For GPA-like progression,
Figure 2 demonstrates that cp-RNFL, GC-IPL, and the combined predictions resulted in the highest AUCs in eyes with suspect glaucoma. The AUCs generally decreased with increasing disease severity. For the logistic regression, the AUCs were significantly different between suspect and moderate or advanced disease for cp-RNFL (
P < 0.001), GC-IPL (
P = 0.04), and the combined predictions (
P = 0.01). These differences between suspect and moderate or advanced disease were also significant for the support vector classifier when using GC-IPL and the combined predictions, but not when using cp-RNFL predictions. Like the MD progressors, the AUCs between the logistic regression and support vector classifiers were statistically similar across each disease stage and respective prediction type.
Figure 3 illustrates a series of five VF tests in an eye classified as a progressor by the cp-RNFL, GC-IPL, and combined predictions while using MD slope as the ground truth. The corresponding MD and the paired cp-RNFL and GC-IPL measurements are also shown.
Figure 3 demonstrates that, as the VF worsens, corresponding structural thinning can be detected in the cp-RNFL and GC-IPL thickness measurements. Meanwhile,
Figure 4 illustrates a series of five VF tests in an eye classified as not progressing by the cp-RNFL, GC-IPL, and combined predictions while using MD slope as the ground truth. Similarly, the corresponding MD, cp-RNFL, and GC-IPL measurements demonstrate concordance between the functional and structural parameters.
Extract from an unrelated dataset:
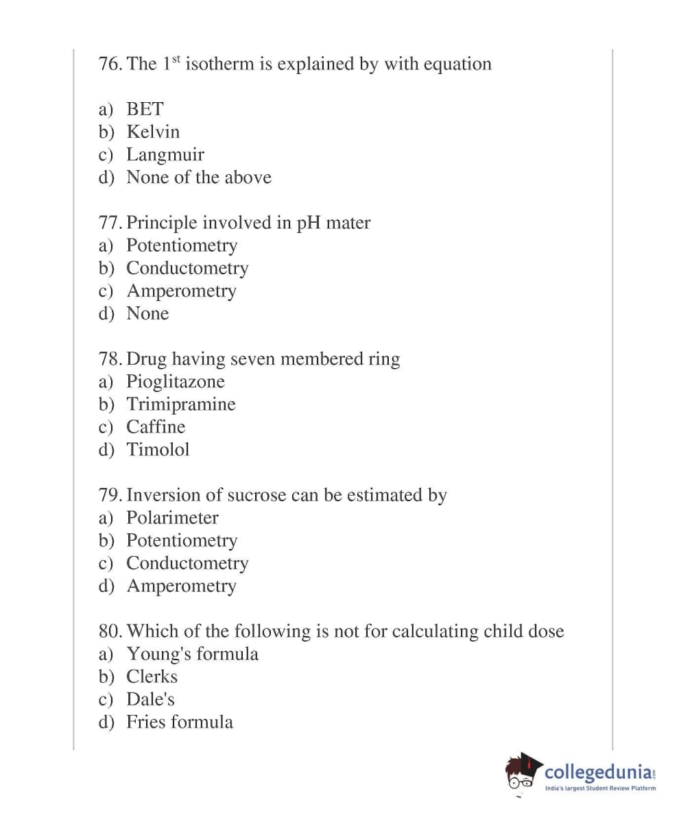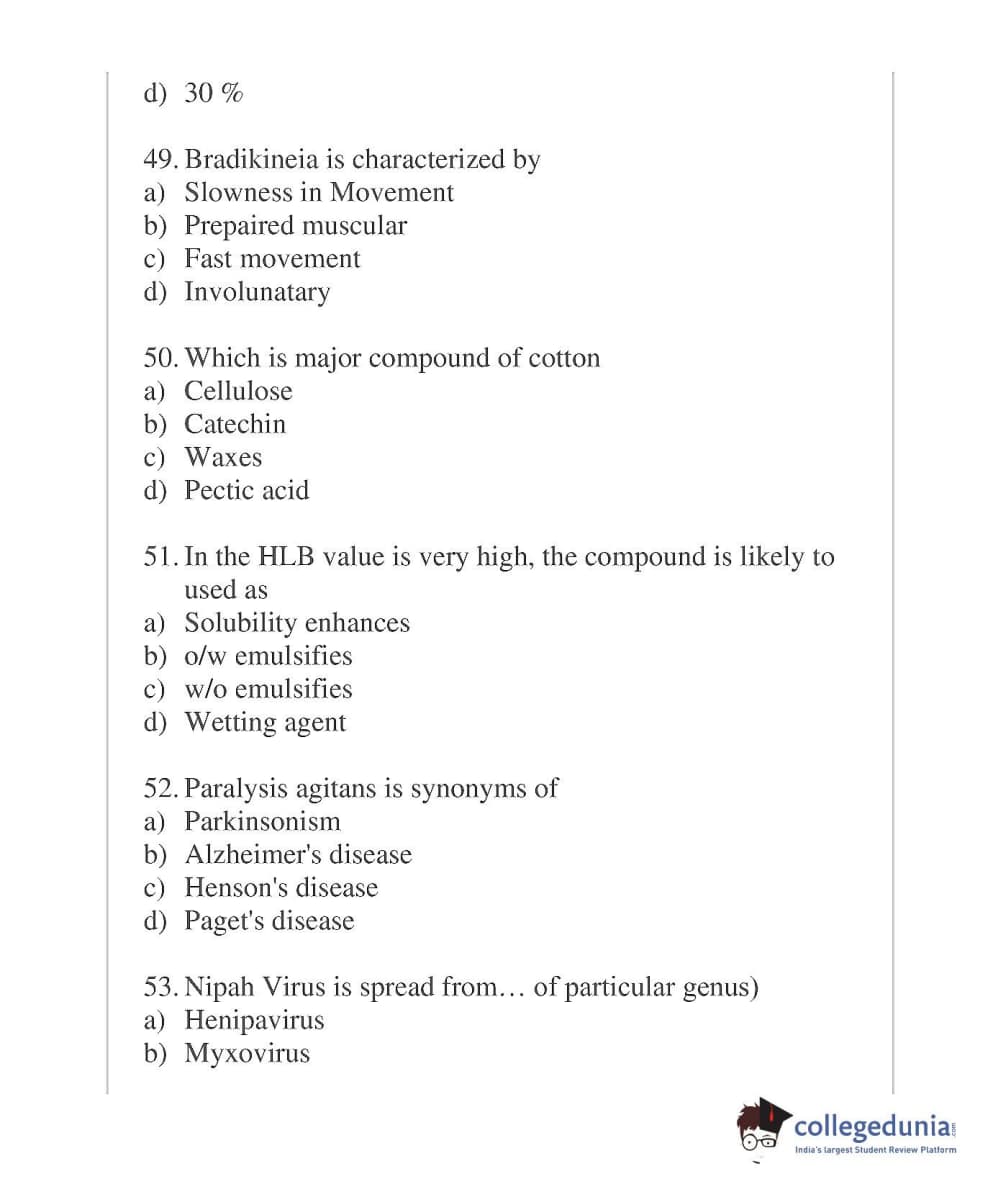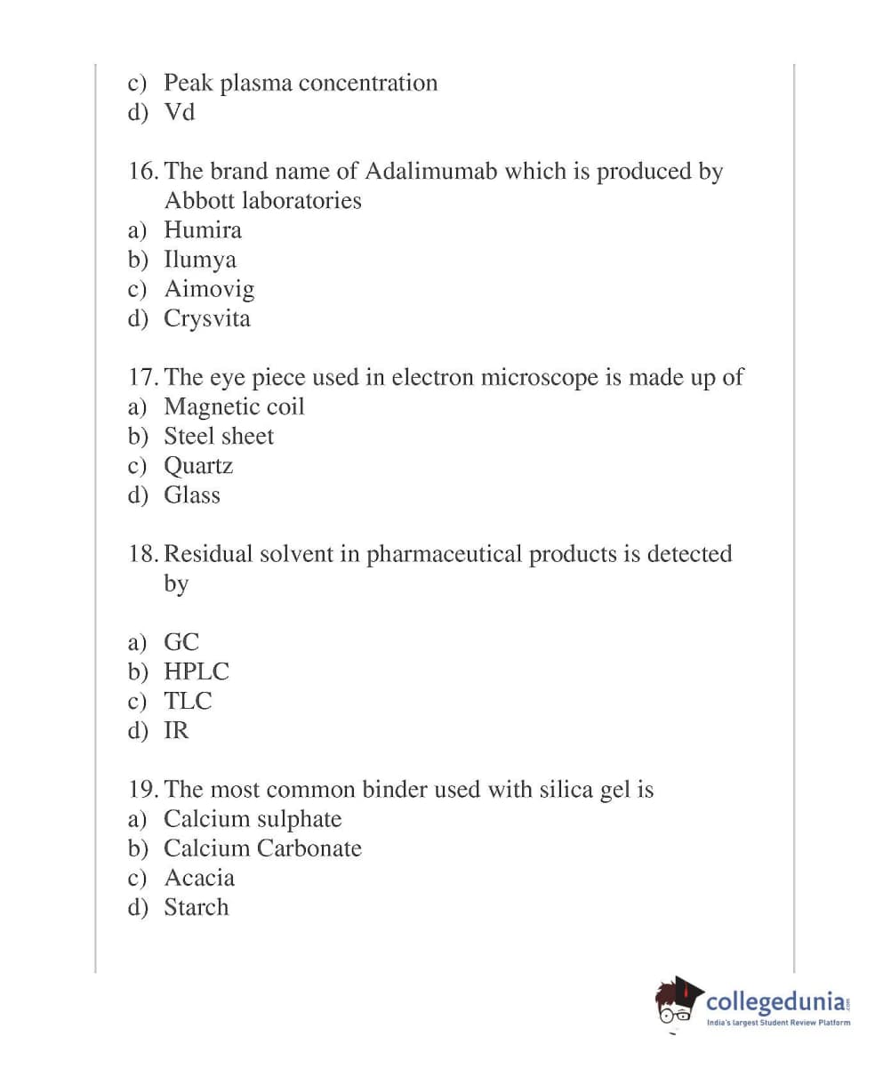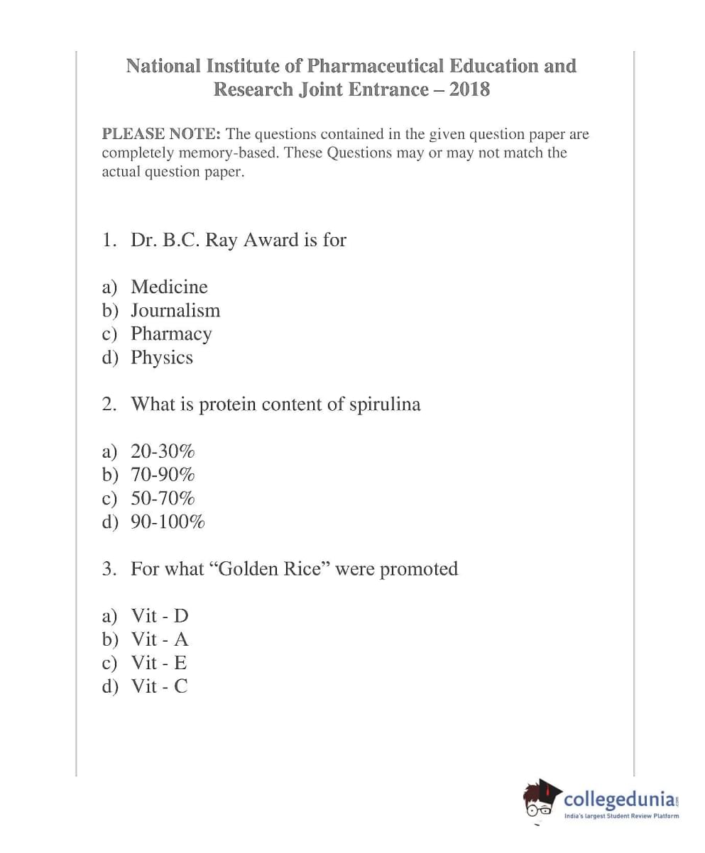 NIPER JEE 2018 Question paper with answer key pdf conducted on June 10, 2018 is available for download. The exam was successfully organized by National Institute of Pharmaceutical Education & Research (NIPER), Ahmedabad. The question paper comprised a total of 100 questions.

Our sensitivity analysis involved including fellow eyes, if eligible, from patients, and the results are shown in
Figure 5. The training and testing set consisted of 1387 and 966 eyes, respectively. The best-performing statistical model was the mixed effects model.
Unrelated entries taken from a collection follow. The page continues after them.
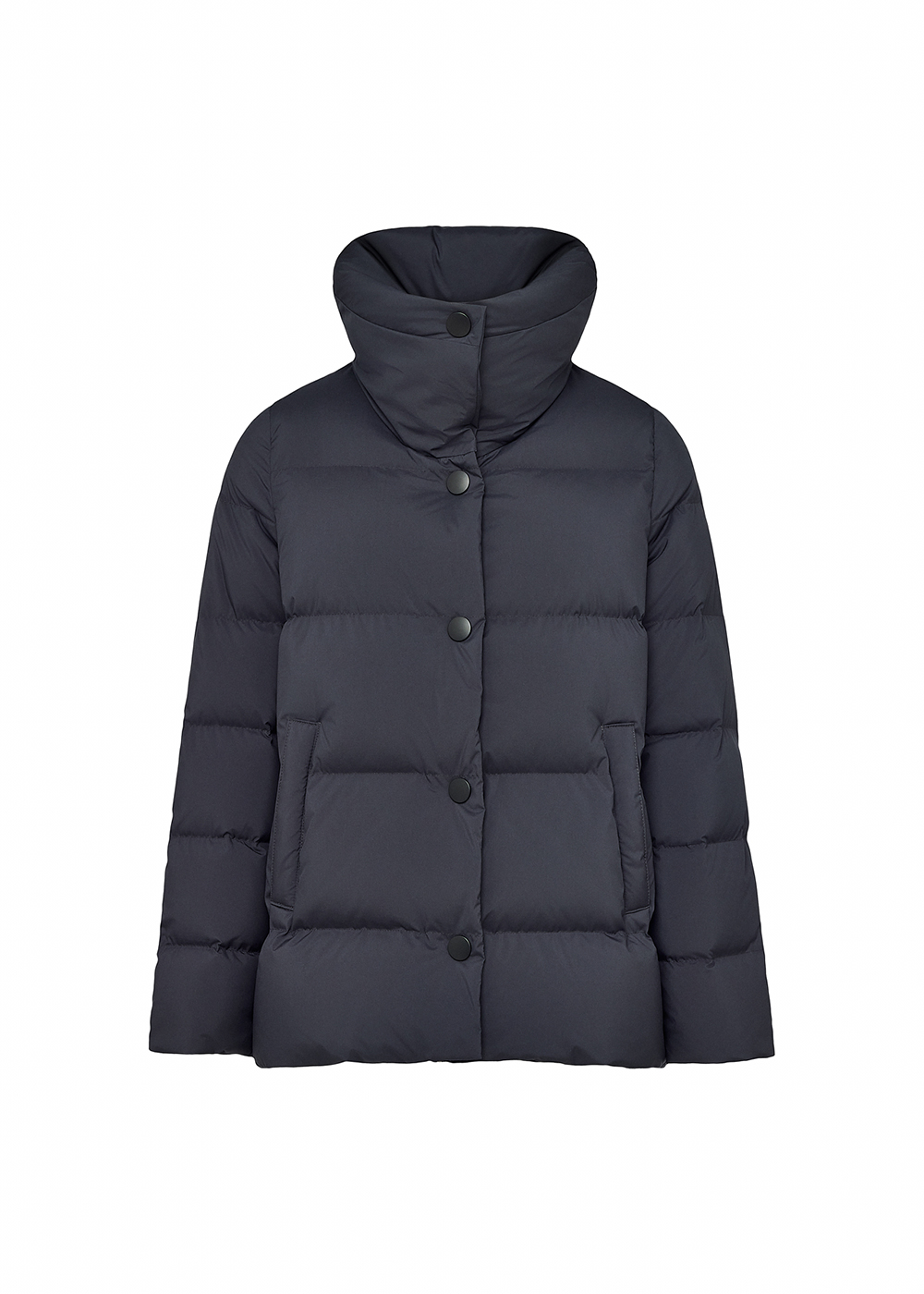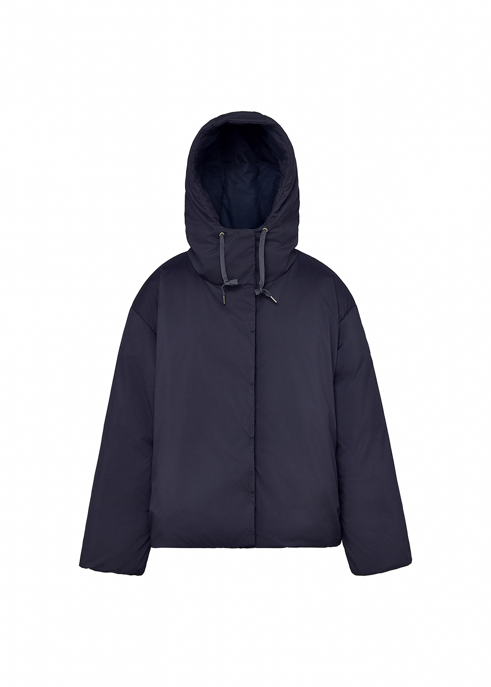 ゆったりシルエットで重ね着も快適。高めの衿とシルエットが変えられるドローコードで防寒性とデザイン性を両立。ダブルジップや隠しボタンなど細部までこだわりを発揮。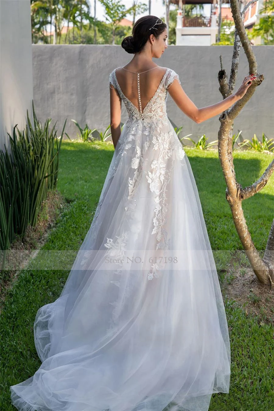 Женское кружевное свадебное платье, прозрачное ТРАПЕЦИЕВИДНОЕ ПЛАТЬЕ ИЗ ТЮЛЯ С V-образным вырезом и рукавами-крылышками, со шлейфом, 2020
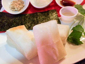 お正月限定メニューのお餅があったので、それを注文する。きな粉、大根おろし、醤油、海苔、ハチミツのトッピングで、おもちは3コ。おい足りないぞ(聞いたら『おなかにちょうどいい3コにした』らしい)。さーやさんオススメのハチミツは意外にお餅に合ってた。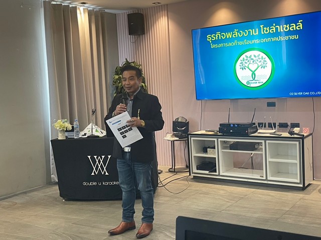 วันที่ 29 มีนาคม 2568 ที่ห้องประชุม VIP 1 โรงแรมเอสอาร์ เรสซิเดนทร์ จ.เพชรบูรณ์ บริษัท O2Silver oakได้เชิญผู้ประกอบการและผู้สนใจเข้าร่วมรับฟังโครงการก๊าซเรือนกระจกภาคประชาชน ธุรกิจพลังงานโซล่าเซลล์ โดยมีนายสงกรานต์ ดัชญาลักษณ์ ประธานกรรมการบริษัท O2Silver oak ได้กล่าวต้อนรับและพูดคุยข้อดีของการใช้พลังงานโซล่าเซลล์เพื่อลดโลกร้อนพร้อมผลตอบแทนของการใช้โซล่าเซลล์ ซึ่งมีผู้ประกอบการและประชาชนผู้สนใจเข้าร่วม 40 คน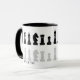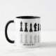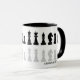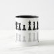 Caneca de xadrez branca e negra clássica para amantes do xadrez, com figuras de xadrez em um padrão geométrico. Design de peças de xadrez modernas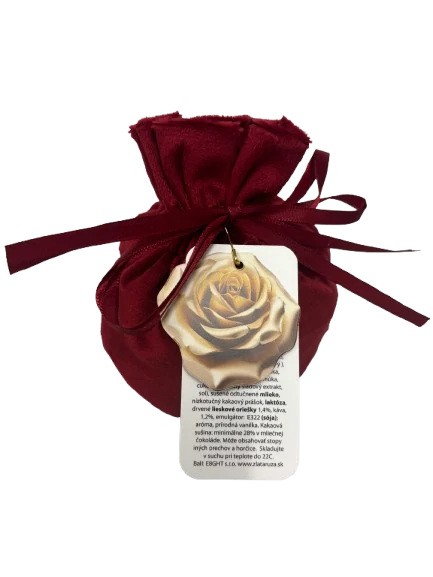 Čokoládové pralinky v saténovom mešci od Talianskeho výrobcu MAITRE TRUFFOUT, samostatne balené vo farebnej fólii, mix príchutí lieskový oriešok, káva a mlieko. Balenie obsahuje 200g praliniek. Rozmery balenia V/Š/H 14cm / 10cm / 10cm.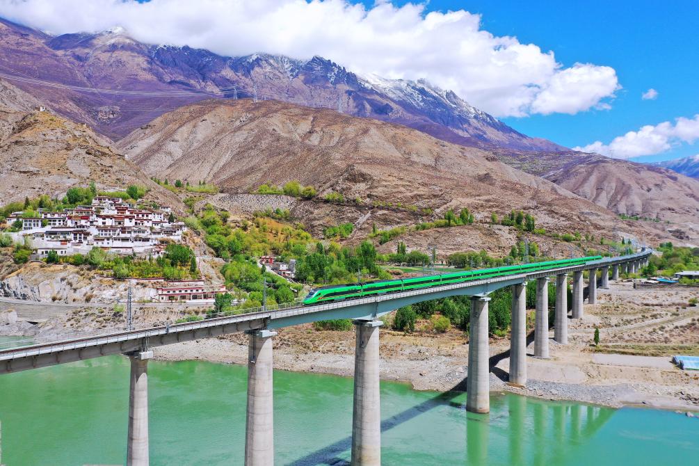 “復(fù)興號(hào)”列車奔馳在雪域高原(2022年4月14日攝)。新華社記者 覺果 攝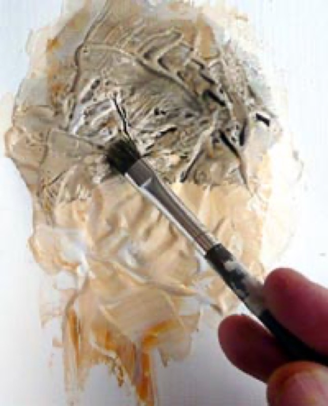 To create your glaze, mix color with a dab of a special synthetic glaze medium. Avoid using linseed oil: it will be too liquid, making the colors run on the support.

Figure 5 presents trends similar to our original analysis, as shown in
Figure 1. The mixed effects model and support vector classifier performed similarly for cp-RNFL, GC-IPL, and the combined predictions when using MD slope for progression. However, the support vector classifier performed better than the mixed effects model for cp-RNFL (
P = 0.02), GC-IPL (
P = 0.15), and the combined predictions (
P = 0.01) when using GPA-like definitions of progression.